(DATA EXCERPTS begins)
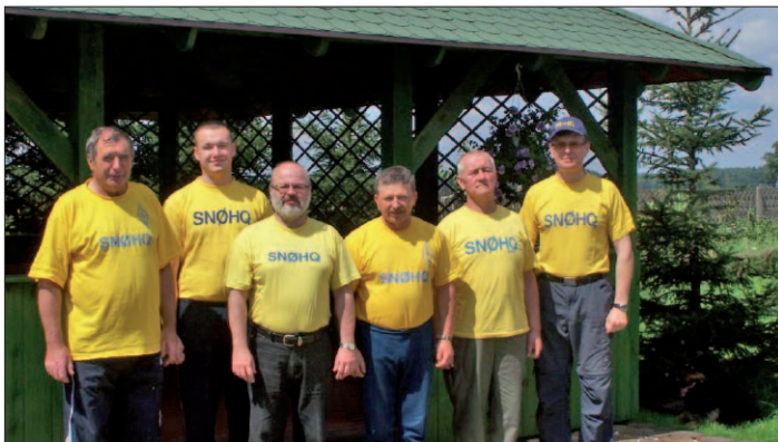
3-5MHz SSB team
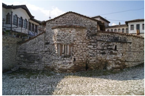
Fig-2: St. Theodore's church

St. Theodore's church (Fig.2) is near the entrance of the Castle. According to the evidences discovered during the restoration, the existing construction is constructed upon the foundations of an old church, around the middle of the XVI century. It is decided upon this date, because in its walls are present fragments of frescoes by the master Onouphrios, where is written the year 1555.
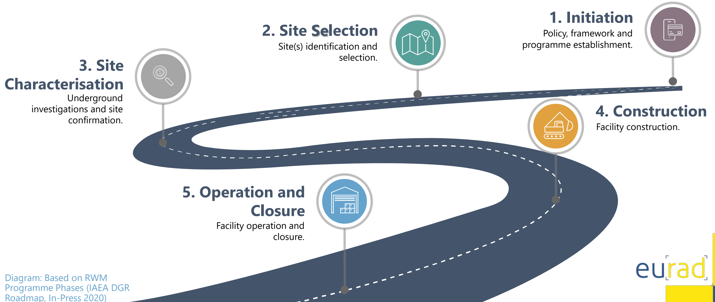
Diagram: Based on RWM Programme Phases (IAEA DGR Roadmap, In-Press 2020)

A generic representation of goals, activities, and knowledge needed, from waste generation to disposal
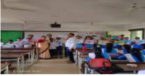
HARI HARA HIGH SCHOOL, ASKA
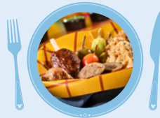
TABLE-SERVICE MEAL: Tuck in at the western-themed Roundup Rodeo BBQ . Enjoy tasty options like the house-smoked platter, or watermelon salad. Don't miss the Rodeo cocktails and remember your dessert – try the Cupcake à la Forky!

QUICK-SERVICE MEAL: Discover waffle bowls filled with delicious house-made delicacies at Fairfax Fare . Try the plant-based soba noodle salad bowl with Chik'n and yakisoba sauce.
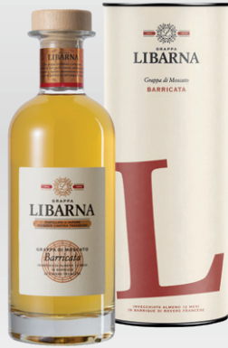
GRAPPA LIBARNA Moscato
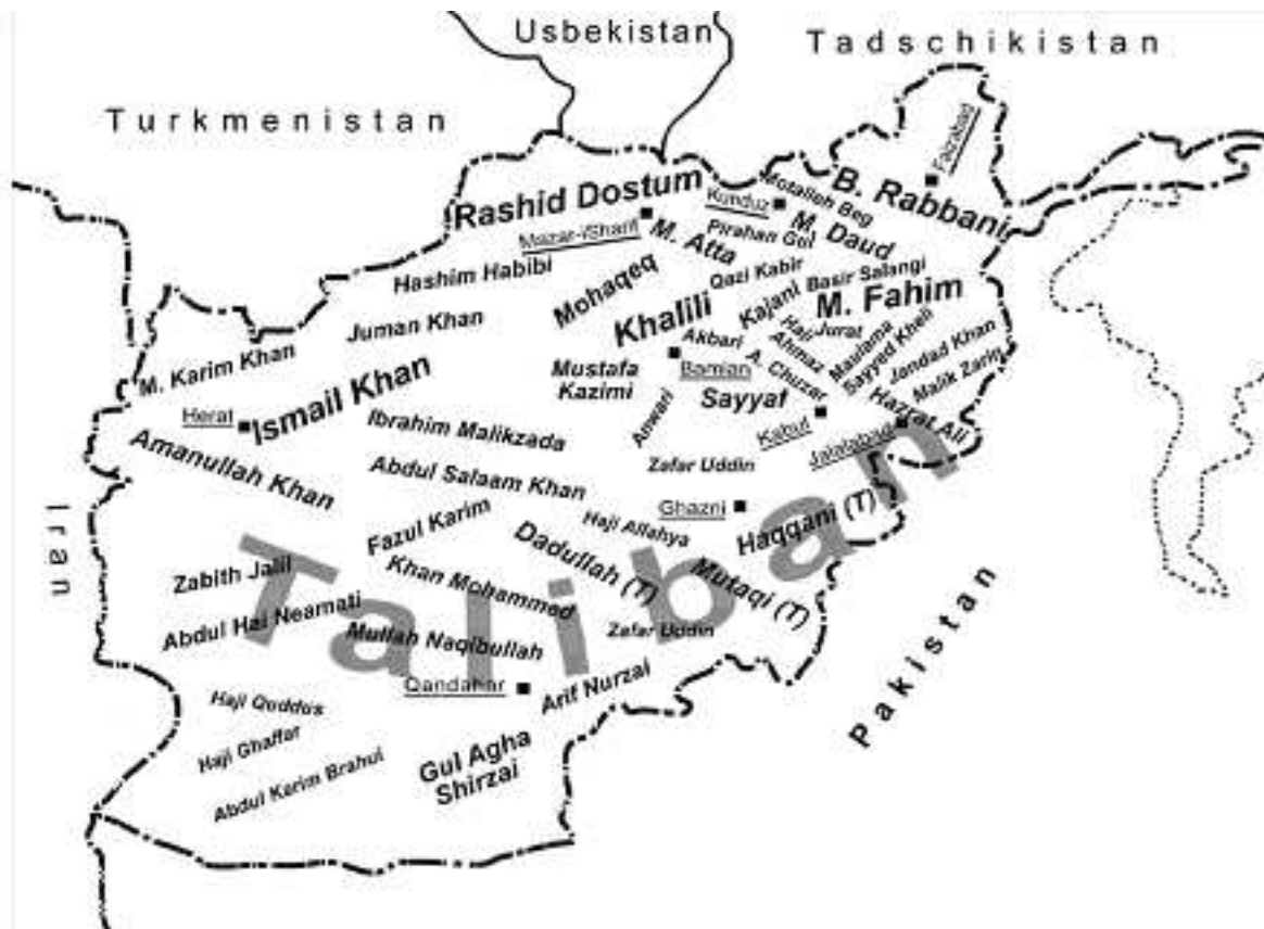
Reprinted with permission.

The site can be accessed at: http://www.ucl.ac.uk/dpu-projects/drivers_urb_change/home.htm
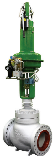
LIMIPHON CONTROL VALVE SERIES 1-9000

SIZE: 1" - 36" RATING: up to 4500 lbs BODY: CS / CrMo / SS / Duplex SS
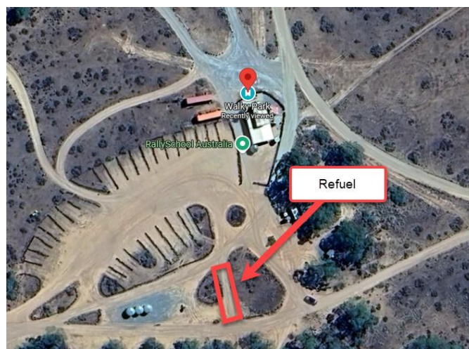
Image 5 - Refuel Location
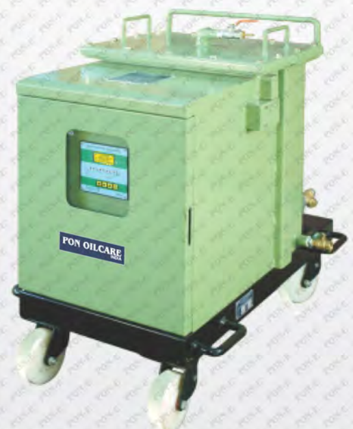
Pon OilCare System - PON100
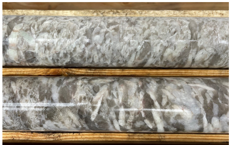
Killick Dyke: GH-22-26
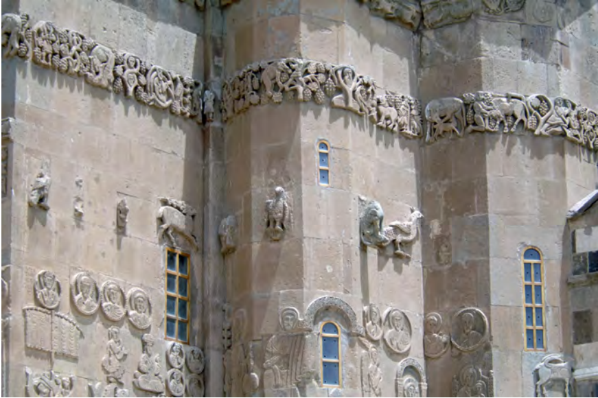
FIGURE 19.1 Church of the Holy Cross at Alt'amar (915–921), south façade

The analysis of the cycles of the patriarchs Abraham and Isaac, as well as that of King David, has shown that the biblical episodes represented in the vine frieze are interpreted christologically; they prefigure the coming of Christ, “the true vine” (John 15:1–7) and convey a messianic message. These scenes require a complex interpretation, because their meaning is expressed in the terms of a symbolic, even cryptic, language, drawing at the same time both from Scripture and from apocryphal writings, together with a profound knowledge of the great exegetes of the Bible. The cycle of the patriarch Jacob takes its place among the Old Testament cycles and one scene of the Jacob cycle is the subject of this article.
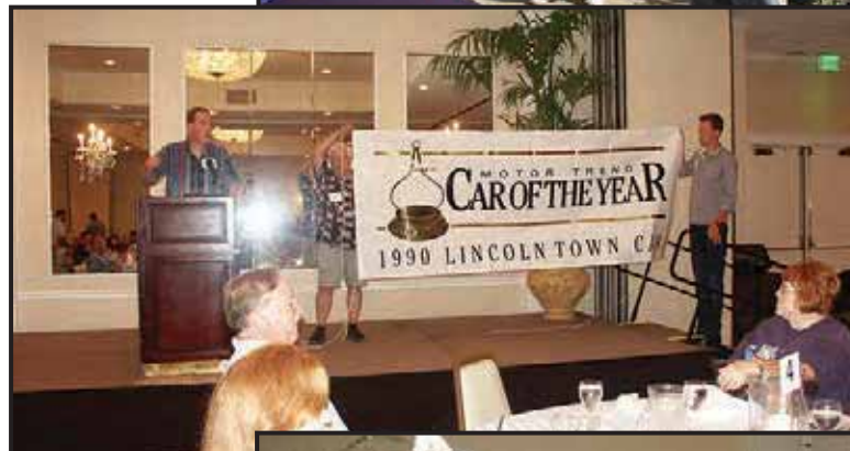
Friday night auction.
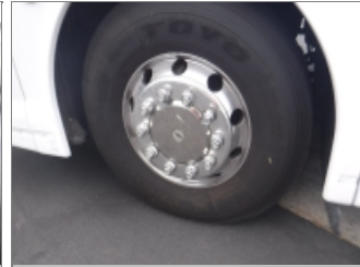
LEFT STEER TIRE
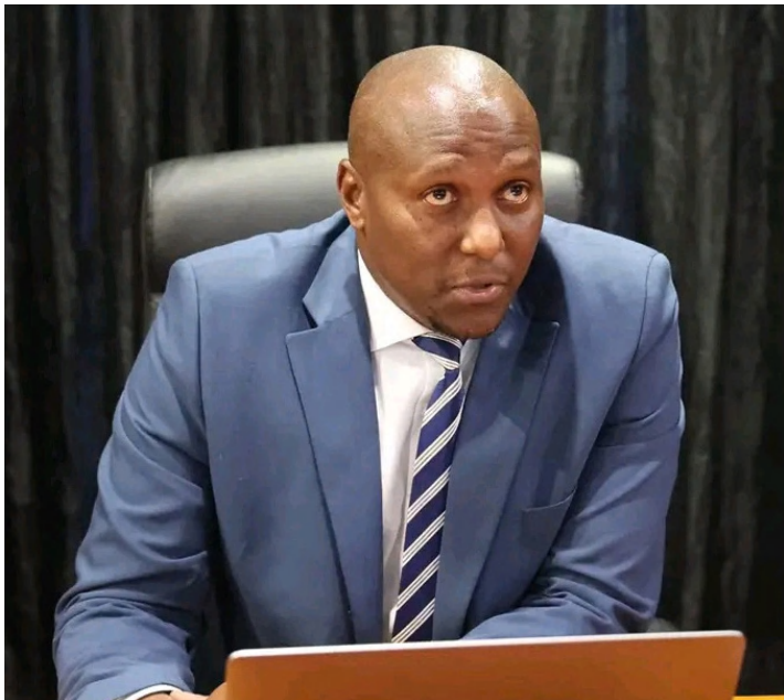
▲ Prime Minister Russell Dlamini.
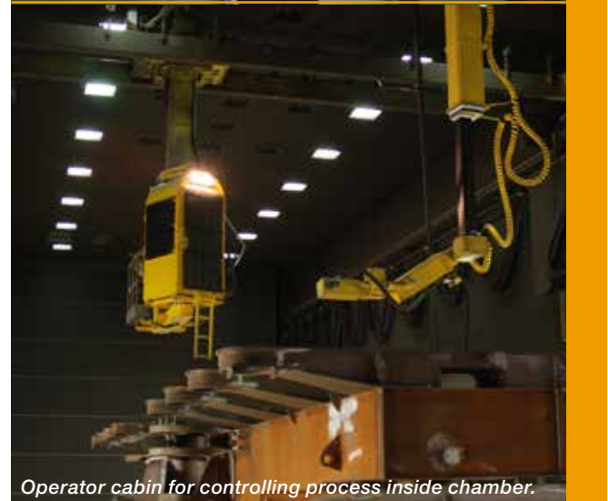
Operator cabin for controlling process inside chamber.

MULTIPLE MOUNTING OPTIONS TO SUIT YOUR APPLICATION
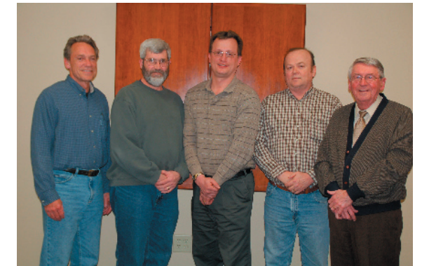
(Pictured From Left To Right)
(DATA EXCERPTS ends)
=== WHAT THE TASK ASKS ===
Return every line of the listing above that contains "MEAL".

=== SOLUTION FOR THIS TASK ===
TABLE-SERVICE MEAL: Tuck in at the western-themed Roundup Rodeo BBQ . Enjoy tasty options like the house-smoked platter, or watermelon salad. Don't miss the Rodeo cocktails and remember your dessert – try the Cupcake à la Forky!
QUICK-SERVICE MEAL: Discover waffle bowls filled with delicious house-made delicacies at Fairfax Fare . Try the plant-based soba noodle salad bowl with Chik'n and yakisoba sauce.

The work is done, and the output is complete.